Il giudice presidente del collettivo ha annunciato che "non c'è dubbio che le pratiche [nel processo] integrano il reato di mutilazione genitale femminile" e ha ricordato che questa pratica è "una flagrante violazione dei diritti umani".

Il giudice ha anche evidenziato "l'alta illegalità, è una madre che aggredisce la propria figlia", la "premeditazione" di un viaggio organizzato in Guinea e il fallimento dei "doveri di cura" della figlia.

Il giudice ha anche rilevato che, dato che "non ha mostrato alcun rimpianto", ha sollevato la possibilità che si ripeta in futuro.

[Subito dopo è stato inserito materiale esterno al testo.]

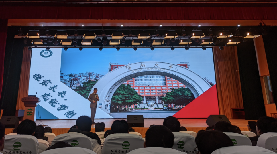 徐繁荣从课堂和日常生活的点滴中回忆起亭中求学的美好时光,引起了同学们的共鸣。他不仅向同学们介绍了物理学的学习路径,还深入浅出地讲解了当前物理学研究的前沿领域,极大地激发了同学们对科学探索的热情和学习兴趣。随后,他从学校概况、学科实力、人才培养、校园生活、报考录取等五个方面,为同学们全面地介绍了成人vr 。在高考临近的百日之际,徐繁荣表示:成人vr 是探索未来、成就梦想的理想选择。他满怀激情地向同学们发出邀请,期待在金秋九月与大家在美丽的暨南园再相会。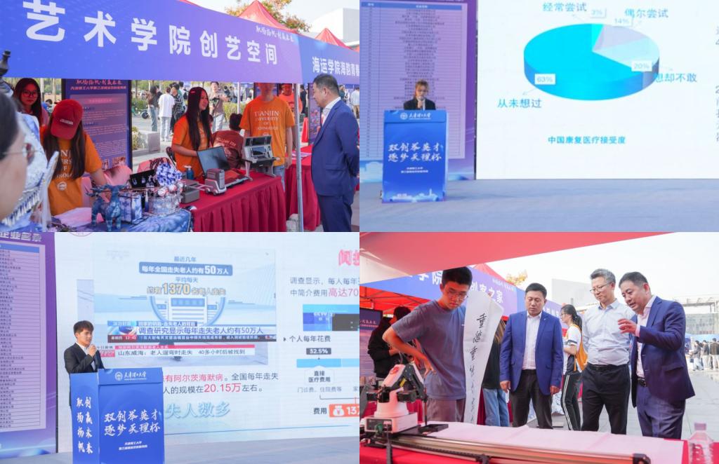 活動現場還設置了科創市集展區。各學院眾創空間展示了學生團隊的最新成果,包含各類創新創業大賽獲獎項目以及互動性強、科技含量高的作品,吸引大量師生駐足觀看。與會專家對展示項目進行了點評,并就眾創空間建設、項目質量提升等方面進行了專業化指導。在眾創空間入孵項目路演答辯會上,來自各學院的18個創新創業項目團隊參加路演展示,評審嘉賓對路演項目針對性地進行了指導,并提出改進建議,有效提升學生創新創業實踐能力。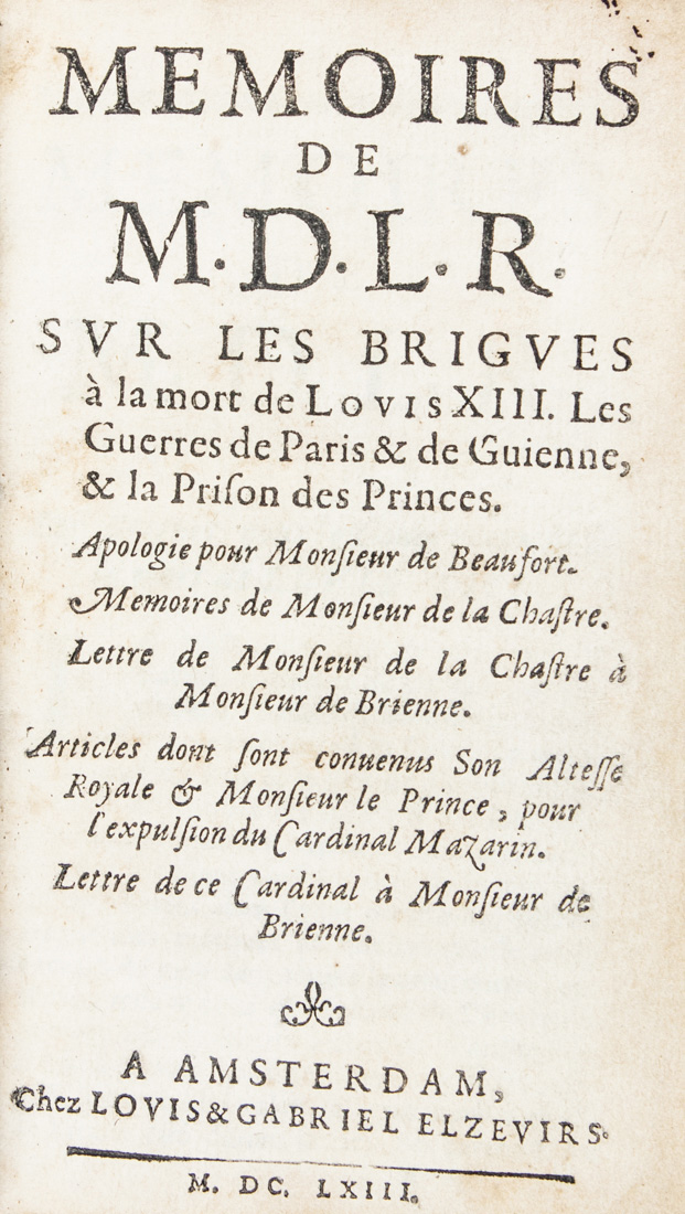 In-8°(mm 180x114). Pagine XXIV, 154, XIV con 1 ritratto dell'Autore in antiporta inciso in rame da Choffard su disegno di Petiot. Bellissimo esemplare con alcune lievi fioriture alla carta del ritratto. Legatura coeva firmata Bradel successore di Derome le jeune in marocchino rosso con piatti inquadrati da roulette di fregi floreali delineata da duplice filetto e altra cornice a catenella più interna a motivi geometrici impresse in oro, titoli e piccoli ferri floreali impressi in oro al dorso. Doublures in seta verde e marocchino rosso decorato in oro. Entro custodia in cartonato. Ex-libris George Soaper al contropiatto. SI AGGIUNGE: Id., Memoires [...] sur les brigues à la mort de Louis XIII... Amsterdam [ma Bruxelles]: Louis et Gabriel Elzevirs [ma Foppens], 1663. In-12° (130x75). Pagine 339, [1]. Bruniture diffuse. Legatura coeva in piena pelle maculata con triplice filetto impresso in oro ai piatti e titoli dorati su tassello al dorso; un poco lisa.(2)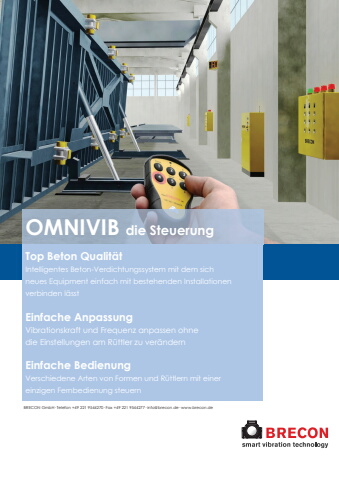 BRECON GmbH%u00b7 Telefon +49 221 9544270%u00b7 Fax +49 221 9544277%u00b7 info@brecon.de%u00b7 www.brecon.deOMNIVIB die SteuerungTop Beton Qualit%u00e4tIntelligentes Beton-Verdichtungssystem mit dem sichneues Equipment einfach mit bestehenden Installationen verbinden l%u00e4sstEinfache AnpassungVibrationskraft und Frequenz anpassen ohne die Einstellungen am R%u00fcttler zu ver%u00e4ndernEinfache BedienungVerschiedene Arten von Formen und R%u00fcttlern mit einereinzigen Fernbedienung steuern

Questo è stato il primo processo per un reato di mutilazione genitale femminile in Portogallo, dove la pratica è considerata un reato dal 2015.

Rugui Djaló, cittadina guineana residente in Portogallo, è accusata di essersi sottomessa alla pratica, sua figlia Maimuna, all'età di un anno, durante un soggiorno di tre mesi in Guinea-Bissau, nel 2019.

La Guinea-Bissau - dove le mutilazioni genitali femminili sono punibili per legge dal 2011 - è l'unico Paese di lingua portoghese presente nelle liste internazionali della pratica, e si stima che la metà delle sue donne siano state vittime di questo crimine.